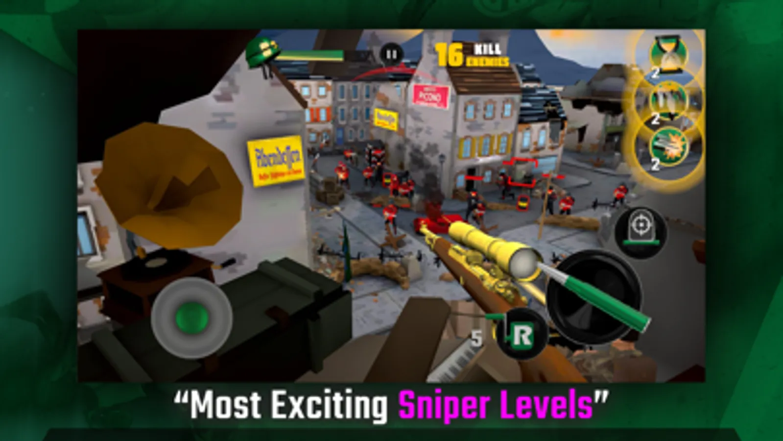 ● Sniper games? Boring. Start shooting real enemies not props carrying suitcases. Become a Machine Gunner, not a Sniper and fire millions of bullets on evil.
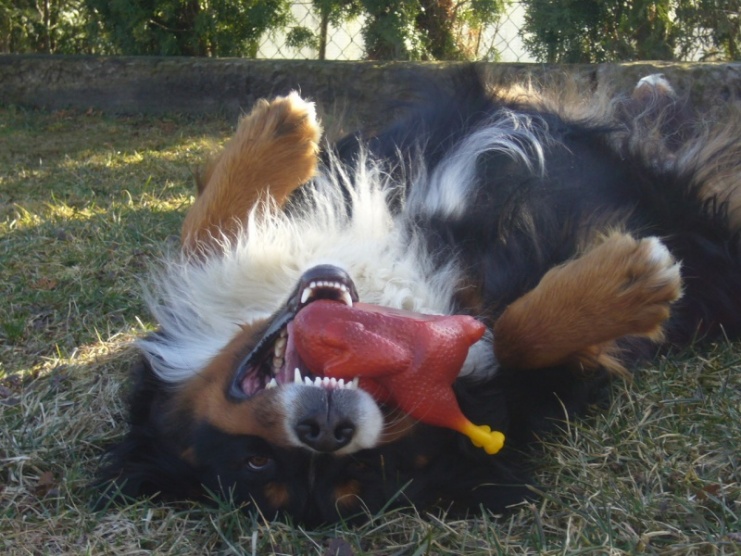 Někde jsem četla, že švýcar neudělá něco jen proto, že my si to přejeme, ale že k tomu musí mít důvod. Tak to je naprostá pravda! Pokud je při výcviku legrace a po ruce nějaký pamlsek a pochvala, nemáme s poslušností celkem problém. Ovšem, když chceme našeho miláčka za něco pokárat nebo když dostane výchovnou ťafku, tváří se, že pro ni vůbec neexistujeme a klidně se dívá na úplne opačnou stranu.
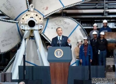 2013年2月26日,奧巴馬總統(tǒng)訪問紐波特紐斯造船廠,他的身后是福特號航母的推進(jìn)器,旁邊是一艘弗吉尼亞級核潛艇的艇首艙。
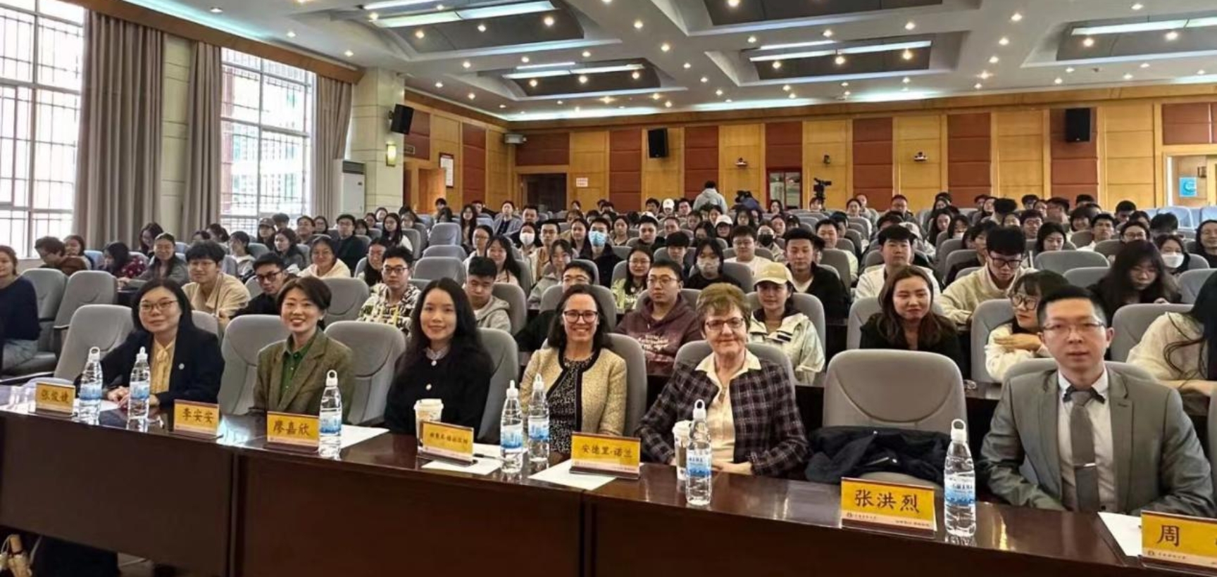 访问团在校期间举行了师生见面会。安德里·诺兰和娜奥米·格拉汉姆对同学表示欢迎,希望同学们努力完成学业、锻炼自我,记住自己的另一个母校是英国爱丁堡龙比亚大学。周帆、廖嘉欣和李安安三名教师给同学们分享了到龙比亚大学学习的方式和政策,鼓励大家赴英国继续深造。
--- --- ---
WHAT IS NEEDED → Output a verbatim copy of the lines from the line containing "2013年2月26日,奧巴馬" through the end of the data, both included, without any images.

RESPONSE TO THIS EXERCISE →
 2013年2月26日,奧巴馬總統(tǒng)訪問紐波特紐斯造船廠,他的身后是福特號航母的推進(jìn)器,旁邊是一艘弗吉尼亞級核潛艇的艇首艙。
 访问团在校期间举行了师生见面会。安德里·诺兰和娜奥米·格拉汉姆对同学表示欢迎,希望同学们努力完成学业、锻炼自我,记住自己的另一个母校是英国爱丁堡龙比亚大学。周帆、廖嘉欣和李安安三名教师给同学们分享了到龙比亚大学学习的方式和政策,鼓励大家赴英国继续深造。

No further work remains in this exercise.